Words and Steel said...

ugh- wrong post. I was going to also say in response to THIS post-- sorry to hear about your troubles, I know exactly where you're coming from. Seriously, if you can, lay down the law on acceptable/unacceptable public wedding behavior. Its only fair that they be civil to one another at your wedding, at least the best they can manage!

Bride in Exile said...

Thanks for all of the support, guys! Fortunately, my parents do civil in public extremely well -- less than three months after they split up, they managed to be perfectly polite to each other at my senior piano recital. What they do less well at is leaving "the kids" out of it when they're frustrated or mad at each other. My big fear is that one of them will rush into my dressing room or pin me down during the reception and demand that I deal with whatever the other one is doing that's making them upset. I think they are both loving and sensible enough to not make the wedding day about them and their divorce, but I know it will be hard for my mom to see my dad there with The Other Woman, and hard for my dad to face a lot of people who are still pretty darn mad at him (i.e. my mother's family).

On a more fun note -- Sweet T, I'll have to try the St. Michelle! I didn't realize Bonny Doon had been sold. That could definitely explain the big drop in quality we suffered with this bottle of Pacific Rim. Bummer.

Anonymous said...

Oh I am sorry to hear about this situation and the potential drama. My husband's stepdaughter got married last summer. M had asked Chris to walk her down the aisle a year before the wedding.

I (who is not The Other Woman -- I met Chris five years after he and M's mother split) did not meet M until last spring. I wanted to hear all about her wedding plans, but she was reluctant to talk. I told her that I suspected her mother probably would not be happy if I were at the wedding and that I did not expect to be invited, but I still wanted to hear all about it.
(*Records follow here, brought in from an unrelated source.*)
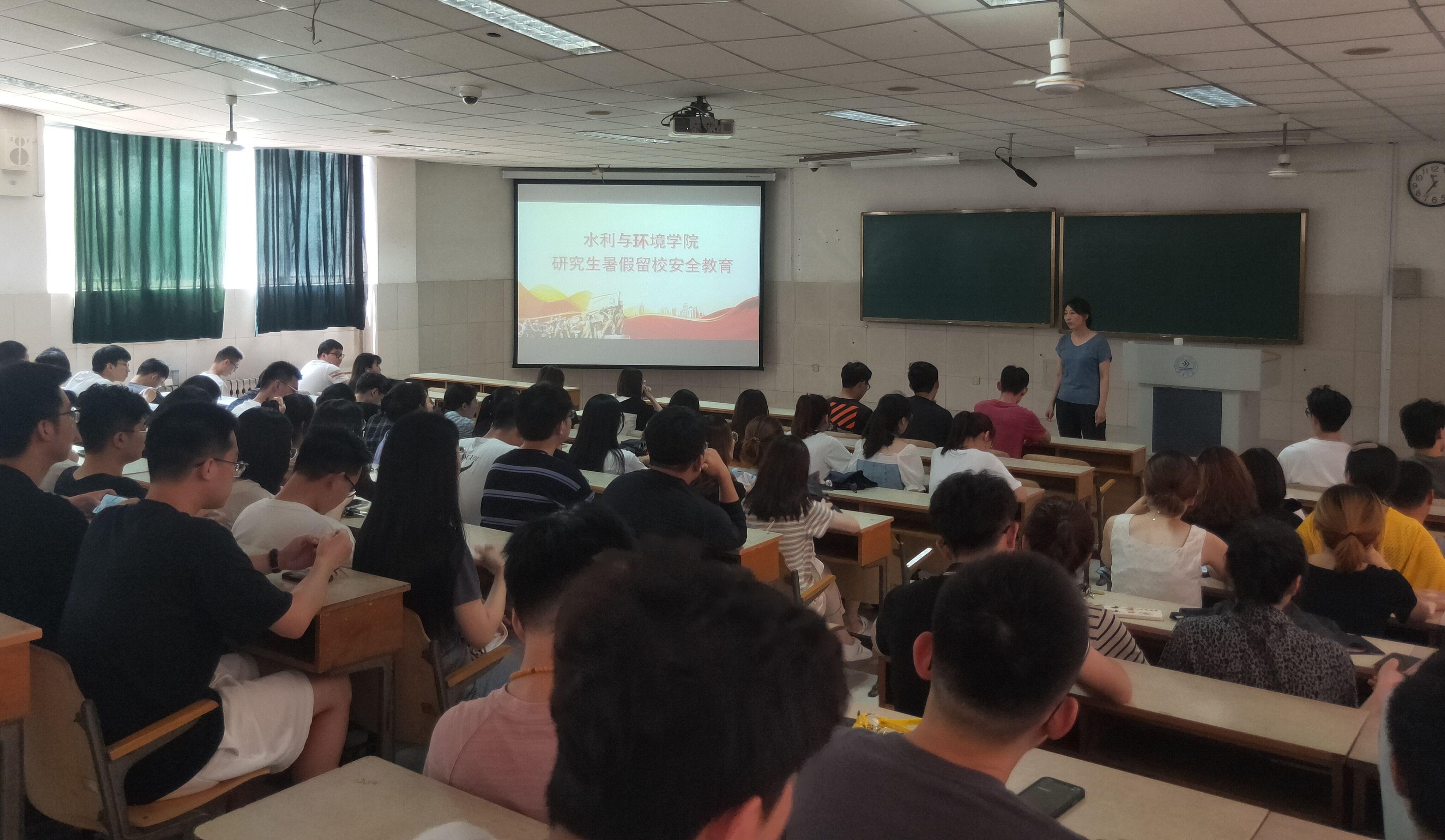 举行研究生暑假留校安全教育会议。学院党委副书记、副院长张良红、研究生辅导员赵敬媛和在校100余名暑假留校研究生到场参加。
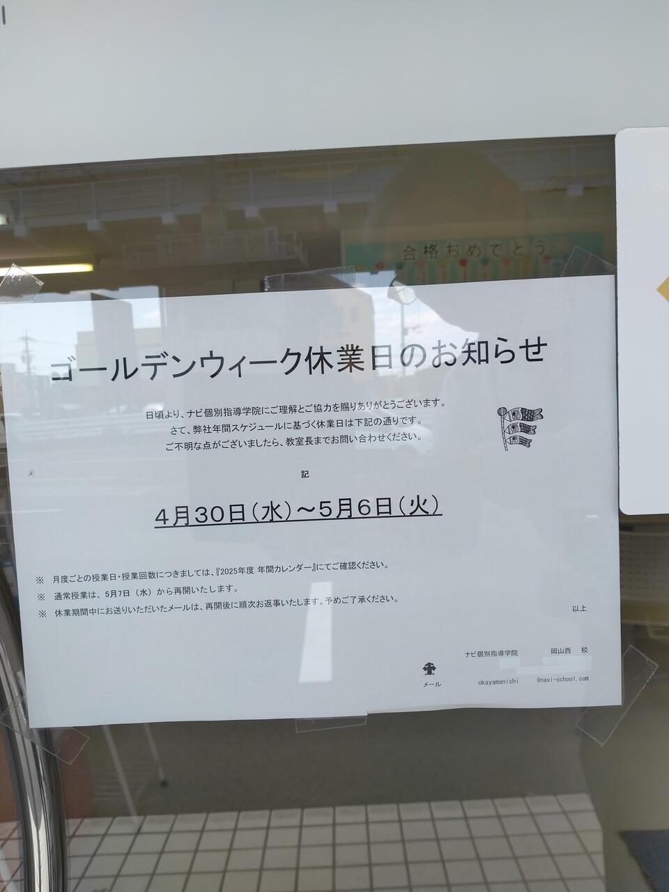 4月30日(水)~5月6日(火)上記期間は休業日で授業はありません。
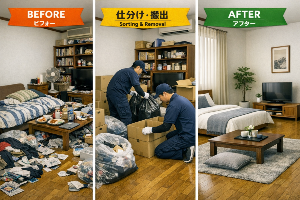 遺品整理とは、亡くなった方が残した持ち物(遺品)生活用品・家具・思い出の品などを整理し、必要なものと不要を仕分けて、住まいを整える作業のことです。通帳・印鑑・権利書・重要書類・写真・手紙などの貴重品を丁寧に探索し、ご遺族様にお渡しするサービスです(現地での立会は喜んでお受け致します)
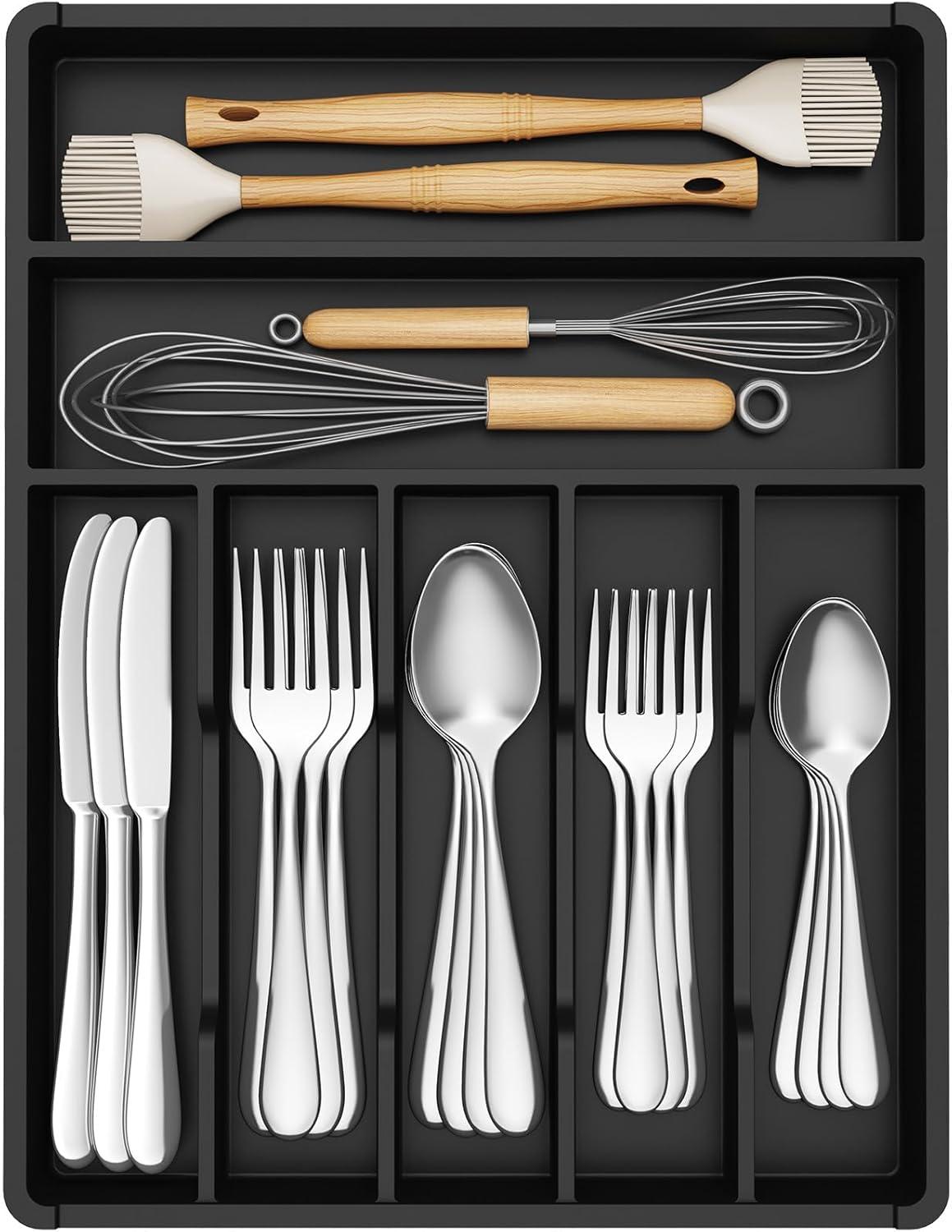 Lifewit Silverware Drawer Organizer Tray, Plastic Cutlery Storage for Kitchen Drawer, Flatware and Utensil Holder Divider for Spoons Forks Knives Tableware, 5 Compartment, Black(Black)
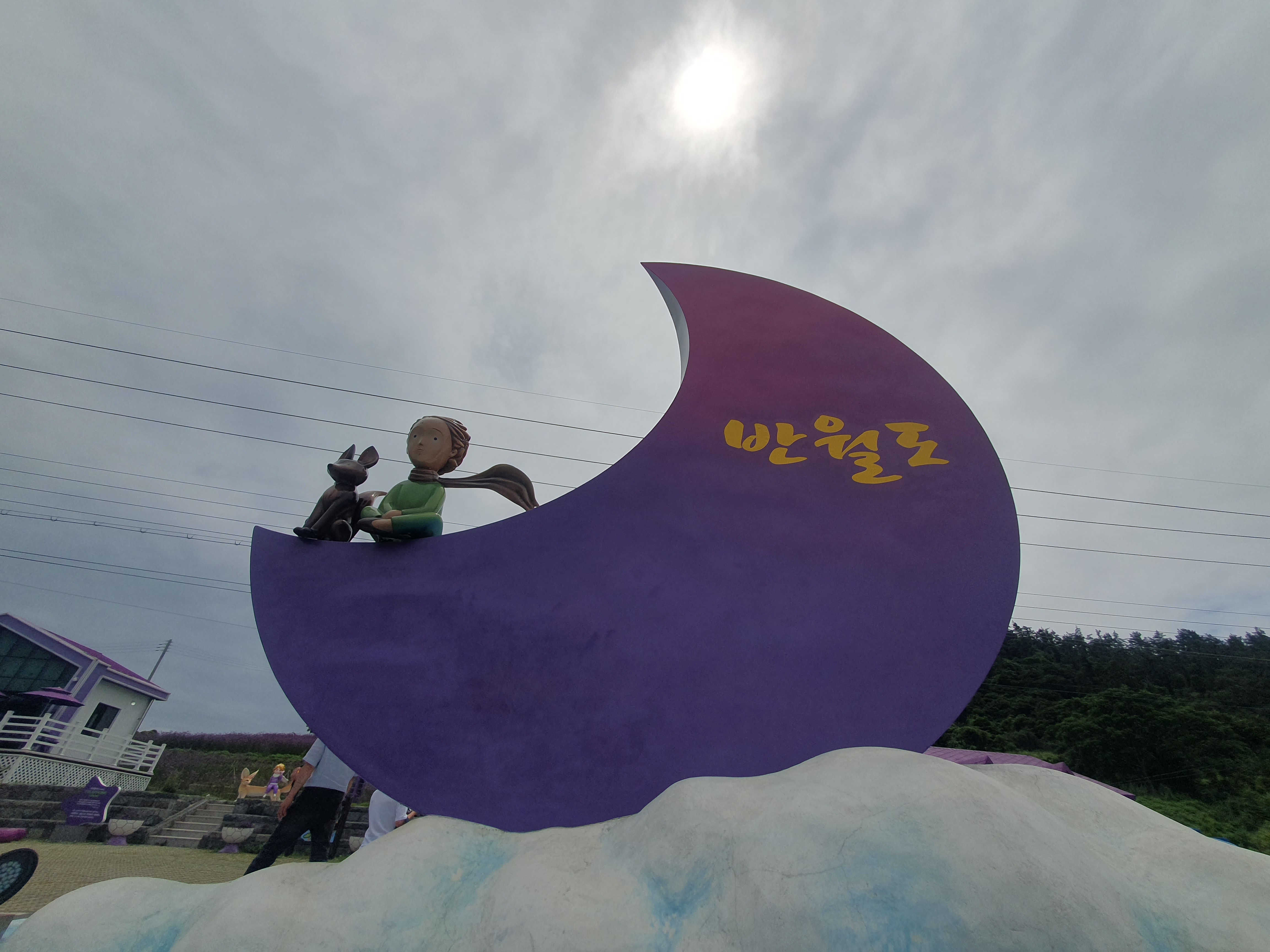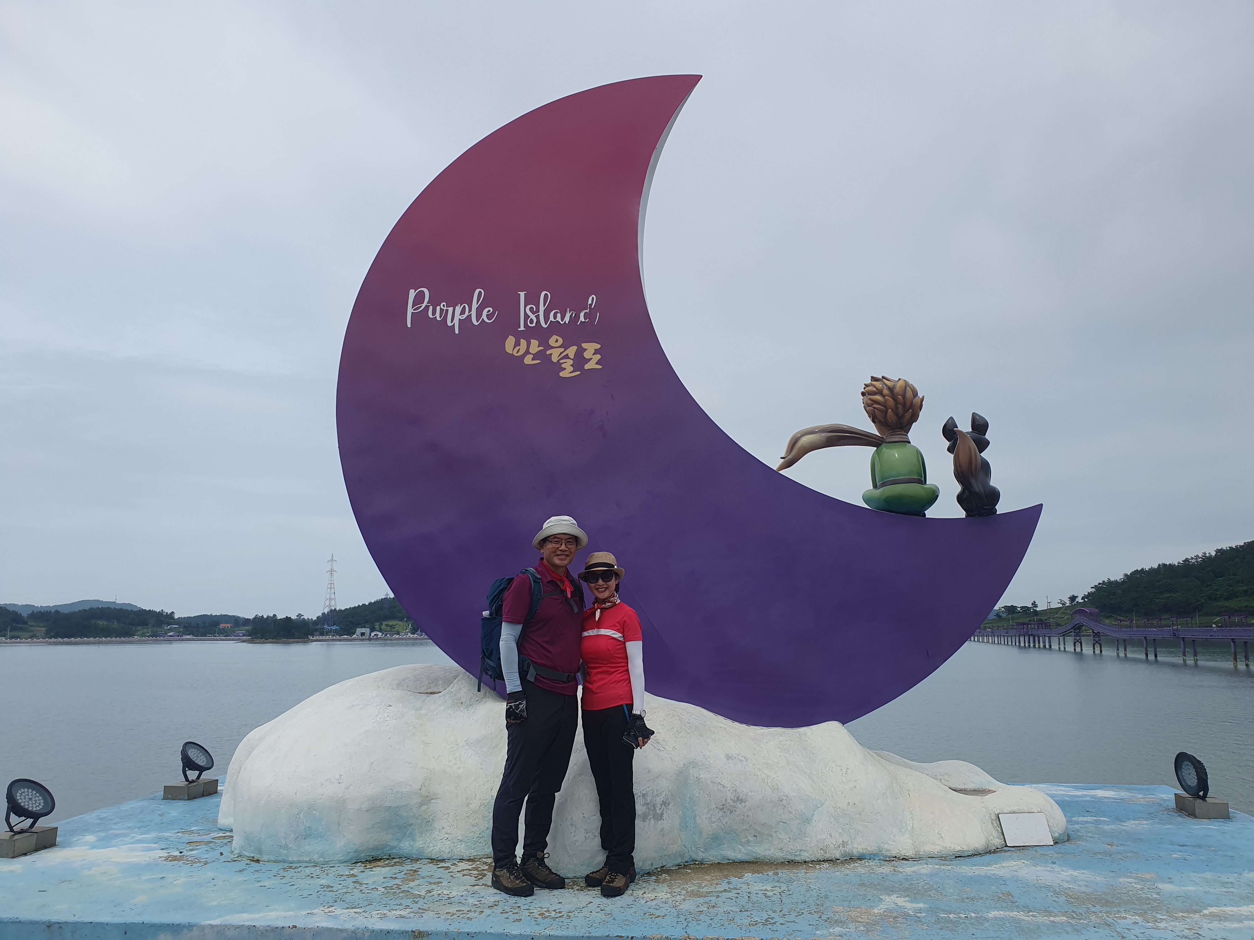 ▽ 어린왕자와 사막여우가 반달에 나란히 앉아 퍼플교를 바라보고 있는 모습이 꿈속의 동화같기만 하다. 섬의 모양이 반달처럼 생겨서 '반월도'라고도 하며 '반드리'라고도 불린다.

My husband and I thought we had the perfect solution -- he would attend without me -- but then M's mother told M that she didn't want Chris there! Chris had raised M and her sister since they were ten, had put them through college, etc (their dad never paid child support) and as I mentioned, M wanted Chris to walk her down the aisle. But M's mother pitched a fit and it was easier for M to submit than to fight.

I don't mind not going myself, but M's mother can forget any extension on the alimony, etc, based on the way she treated Chris. That was just mean. (OK, I have no interest in extending her alimony anyhow. I would rather fund our retirement. But still.)

PS The way I got through my wedding drama with outlaws who hate me and were drunk every night is with lots of drugs.